Category: Contract types
Statement of Work (SOW)
A project-specific contract that defines scope, deliverables, timeline, and price for one engagement — usually signed under a pre-existing MSA.
A Statement of Work, or SOW, is the project-specific contract that defines what's actually being delivered: the scope, deliverables, timeline, acceptance criteria, and price for one engagement. It sits under a Master Services Agreement (MSA) that handles the shared legal terms, so the SOW can stay focused on the project itself.
A good SOW answers five questions:
1. **What exactly is being built or delivered?** Specific enough that both sides can point at the finished work and agree "yes, this is what we signed up for."
2. **By when?** Dates, milestones, or phases.
3. **For how much?** Fixed price, time-and-materials, or a hybrid with a cap.
4. **Who's responsible for what?** Including what the client has to provide (access, content, sign-offs) for the vendor to do their part.
5. **What counts as "done"?** Acceptance criteria — the thing that should really be in every SOW and usually isn't.

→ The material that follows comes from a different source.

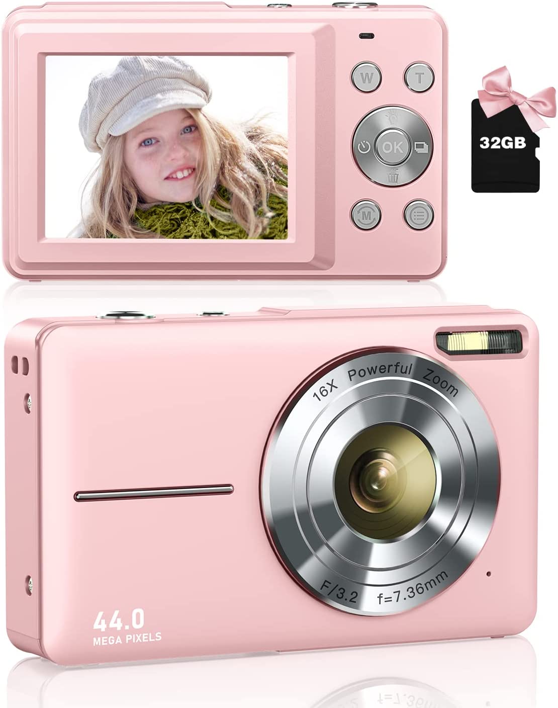 Digital Camera for Kids, Lecran 1080P 44MP Kids Camera with 32GB Card Point and Shoot Camera with 16X Zoom, Compact Portable Cameras Christmas Birthday Gift for Children Kids Teens Girl Boy(Pink)

When SOWs go wrong, it's almost always because of scope.
The classic scope-creep pattern: the client asks for "just one small change" that seems reasonable in isolation. The vendor agrees because it's genuinely small. This happens 15 times over the course of a project. By month three, the project is double its original size and neither side remembers how it got there.
The defense is writing SOWs that explicitly name what's *not* in scope, not just what is. "Design includes up to 3 rounds of revisions on 5 landing pages. Additional revisions and additional pages are handled via change orders at $X/hour." Change orders are boring and nobody likes signing them. That's why they work.
Standalone SOWs (no MSA above them) exist too — usually for smaller or one-off engagements. They have to carry all the legal weight the MSA would normally hold, which makes them longer and more tedious to negotiate. If a relationship is going to last more than one project, the MSA is worth the upfront investment.